Crosslinked polyethylene offer better mechanical and thermal properties

- Feb 21, 2019-

Material modification is needed in order to obtain better material properties as required in the plastics industry. One of many ways of how to modify polymers is beta radiation crosslinking. In most cases, crosslinked polymers offer better mechanical and thermal properties. The beta radiation sources for the industrial crosslinking of polymers are electron beam accelerators, which allow one to obtain high-radiation doses in a short time. Ionizing radiation (electron beam radiation) can change the macroscopic properties and the molecular structure of polymeric materials. Thermoplastic materials demonstrate better resistance to temperature-induced deformation or flow, and do not melt after the creation of crosslinking bonds. After crosslinking, the impact resistance, chemical resistance, toughness, and thermal stability are all improved. This study focuses on the electron beam crosslinking of various types of polymers. Herein, the individual polymers are described, as are the studies already carried out on their crosslinking by electron beam radiation.

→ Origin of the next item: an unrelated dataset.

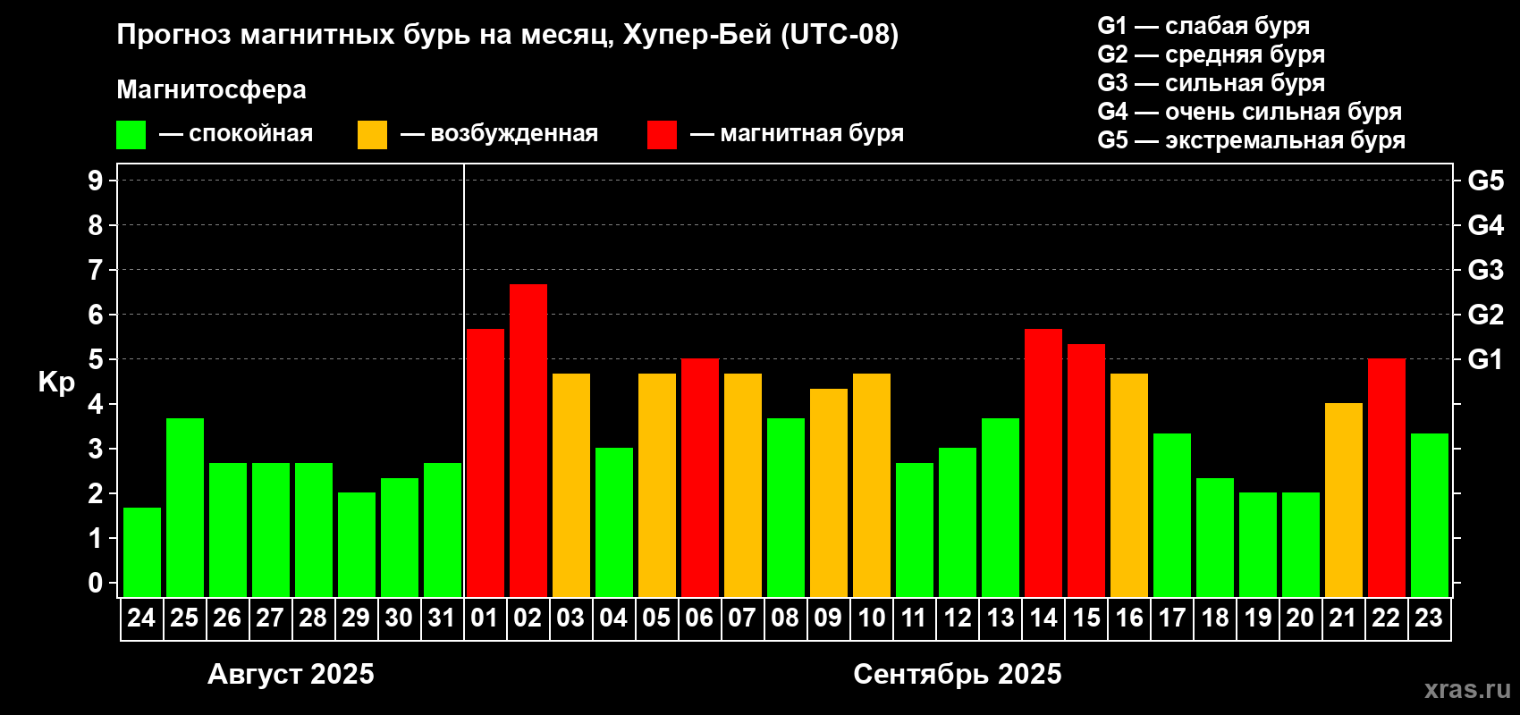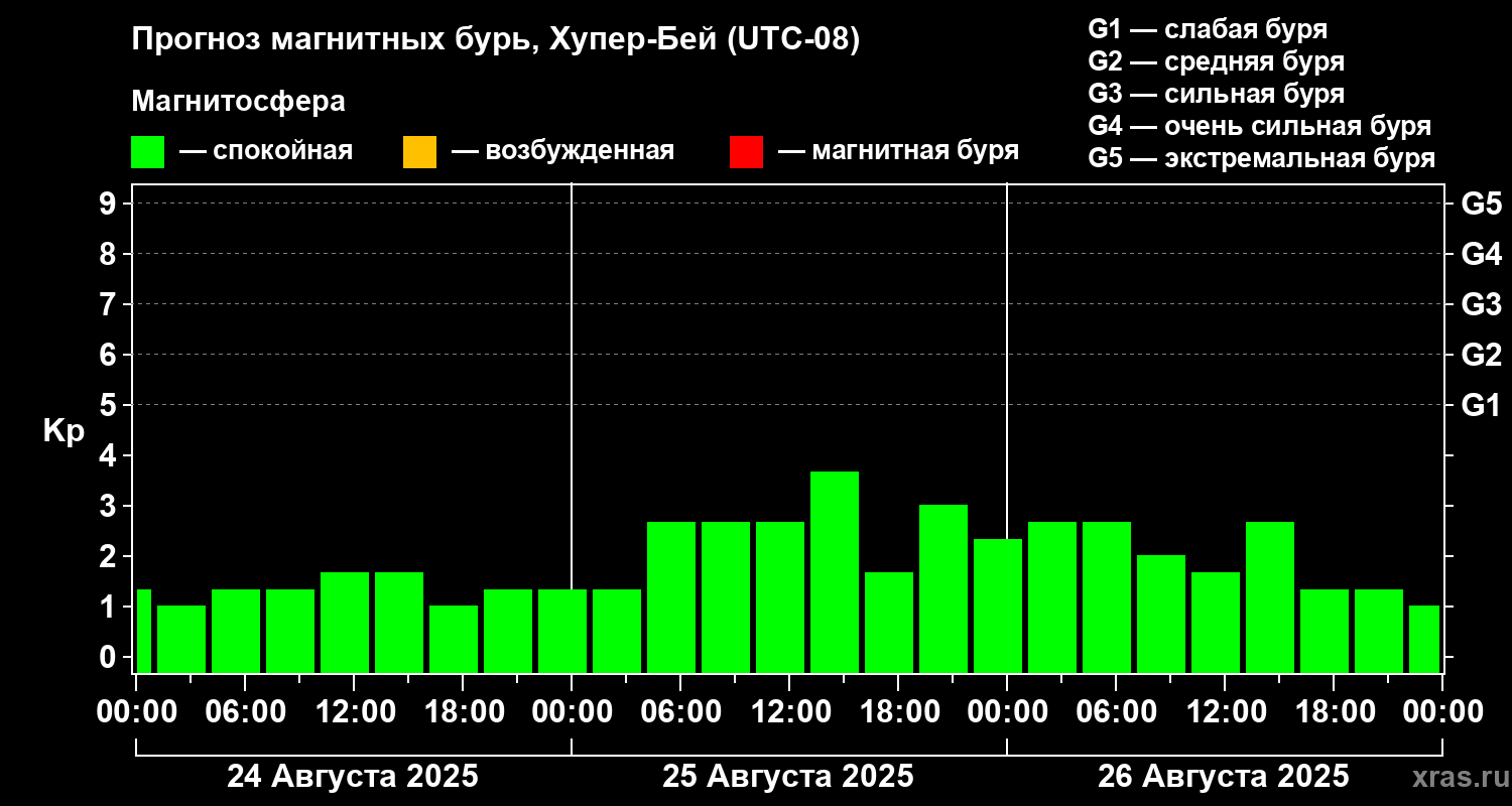 Прогноз магнитных бурь в Хупер-Бейе — 24 августа 2025 года

The first polymer used in our study is polyethylene. Polyethylenes are commodity polymers, which account for more than 70% of total plastics consumption, and are low-cost, easily processable, and available. Typical applications of these polymers include packaging, household items, net ropes, medical applications, fishing rods, water pipes, etc. There are many types of polyethylenes, including linear low-density polyethylene, low-density polyethylene, ethyl vinyl acetate copolymer, polyolefin elastomer, high-density polyethylene, and many others. After the addition of crosslinks in low-density polyethylene (LDPE), the material displays ductile plastic behavior below its melting range. After the melting of all crystallites, the behavior of LDPE becomes elastomeric. Crosslinked LDPEs (XLDPEs) have found to have a wide range of applications in the production field—Films, sheets, and foams. Nowadays, LDPE has, in most cases, been replaced by XLDPE. The heat deformation behavior of XLDPE is superior in comparison to LDPE. The crosslinking of LDPE can be initiated by using peroxide, introducing silane groups into polyethylene, or by radiation; e.g., electron beam or gamma ray radiation .

High-density polyethylene (HDPE), was used as a second commodity polymer, it is a semi-crystalline thermoplastic material belonging to the polyolefin family. Mehrjerdi et al. studied HDPE, containing 2.5 wt % of carbon black (CB), and talc—Fully blended by the supplier. They realized that CB proved to be an effective additive for the improvement of thermal stability, while it had a poor influence on mechanical properties, especially on impact resistance. In the case of the influence of talc on material properties, the thermal diffusivity and conductivity, and the specific density and the toughness perpendicular to the direction of flow, were improved, while the specific heat capacity of the composites decreased. Another investigation concentrated on HDPE, which focused on critical considerations for the accelerated ageing of high-density polyethylene potable water materials; this was the first investigation to demonstrate water sorption and desorption by HDPE resin and HDPE potable water pipes. The scientists they determined the recommended water quality conditions for the accelerated ageing of polyethylene materials, which they then inserted into tables.